Tempur-Pedic Investors Can Rest Easy Following Strong Earnings

| About: Tempur Sealy (TPX)

Small Cap and Mid Cap Watch List member Tempur-Pedic (NYSE:TPX) announced that earnings per share [EPS] increased 30% to $0.39 per diluted share in the second quarter of 2007 as compared to $0.30 per diluted share in the second quarter of 2006. Net sales rose 18% to $257.6 million in the second quarter of 2007 from $219.0 million in the second quarter of 2006. Retail sales increased 22% worldwide. Domestic retail sales increased 23% and international retail sales increased 18%.

Analysts had been expecting just $0.35 on $244 million in sales, and the stock soared in after-hours trading, finally validating one of my earnings previews this week (I said estimates have been rising but they will probably still beat them).

Having blown through the prior $100 million share repurchase since January, the board authorized an additional $200 million. They will have to pay more for these shares, though, since the company raised guidance:

Given the Company’s strong performance through the first half of 2007 and its continued positive outlook for the year, the Company is increasing 2007 full year financial guidance. The Company now expects net sales for 2007 to range from $1.065 billion to $1.085 billion, rather than $1.040 billion to $1.070 billion. This guidance reflects an increase of 13% to 15% compared to 2006 net sales of $945.0 million. The Company currently expects diluted earnings per share for 2007 to range from $1.63 to $1.66 compared to its previous guidance of $1.54 to $1.58. This guidance reflects an increase of 27% to 30% compared to 2006 EPS of $1.28. This guidance reflects incremental earnings resulting from increased sales expectations, shares repurchased through June 30, 2007, interest on associated borrowings and a lower full year tax rate. This guidance does not take into account the anticipated effect of any additional share repurchases.

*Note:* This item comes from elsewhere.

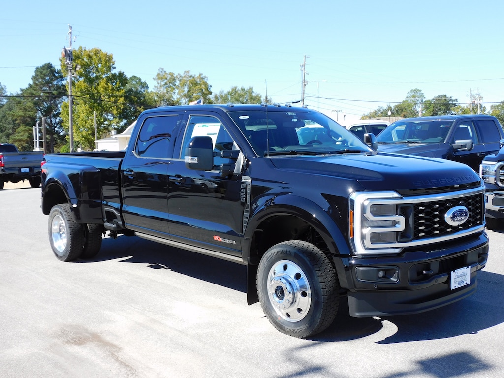 Ford Connectivity Package (1-Year Included), GVWR: 14,000 lb Payload Package, Order Code 773A, Internet access capable: 5G Modem - Ford Connectivity Package, 4WD, 19.5" Forged Polished Aluminum Wheels, 360-Degree Camera, Active Cruise Control, Auto High-beam Headlights, Bumpers: body-color, Dual rear wheels, Front Bucket Seats, Front dual zone A/C, Front Wheel Well Liners, Gooseneck Dual Hitch Kit, Head-Up Display, Heated Front Seats, Heated rear seats, Heated steering wheel, Limited Slip w/4.30 Axle Ratio, Memory seat, Power driver seat, Power passenger seat, Power-Deployable Running Boards, Power-Sliding Rear-Window w/Defrost, PowerScope Trailer Tow Mirrors w/Heat, Radio: B&O Unleashed Sound System by Bang & Olufsen, SecuriCode Wireless Keyless Entry Keypad, SYNC 4 w/Enhanced Voice Recognition, Tailgate Step & Handle, Tough Bed Spray-In Bedliner, Twin Panel Power Moonroof, Upfitter Switches (6), Ventilated front seats, 4-Wheel Disc Brakes, ABS brakes, Adjustable pedals, Air Conditioning, AM/FM radio: SiriusXM with 360L, Auto-dimming Rear-View mirror, Automatic temperature control, Brake assist, Compass, Delay-off headlights, Driver door bin, Driver vanity mirror, Dual front impact airbags, Dual front side impact airbags, Electronic Stability Control, Emergency communication system: SYNC 4 911 Assist, Exterior Parking Camera Rear, Flow-Through Console, Front & Rear Parking Sensors, Front anti-roll bar, Front Center Armrest, Front fog lights, Front License Plate Bracket, Front reading lights, Fully automatic headlights, Garage door transmitter, Heated door mirrors, Hill Descent Control, Illuminated entry, LED Box Lighting, LED Fog Lamps, Low tire pressure warning, Navigation system: Connected Navigation, Outside temperature display, Overhead airbag, Overhead console, Panic alarm, Passenger door bin, Passenger vanity mirror, Pedal memory, Power door mirrors, Power steering, Power windows, Privacy Glass, Rain sensing wipers, Rear anti-roll bar, Rear Parking Sensors, Rear reading lights, Rear seat center armrest, Rear step bumper, Rear window defroster, Remote keyless entry, Security system, SiriusXM w/360L, Speed control, Split folding rear seat, Steering wheel mounted audio controls, Tachometer, Telescoping steering wheel, Tilt steering wheel, Traction control, Trip computer, Turn signal indicator mirrors, and Variably intermittent wipers.

I am going to nit-pick here, and point out that most of the guidance increase appears to be due to the lower tax rate (and is thus non-operational). Still, even accounting for this the midpoint of the new guidance is above the high end of the old guidance. Analysts right in the middle of the guidance range, so they will have some raising to do.

Cash from operations declined year/year, mostly due to rising inventories. Normally I would be more concerned about this, but the company had to make up for recent shortages (nice problem to have). All in all, it was a good report from a company that is on a roll.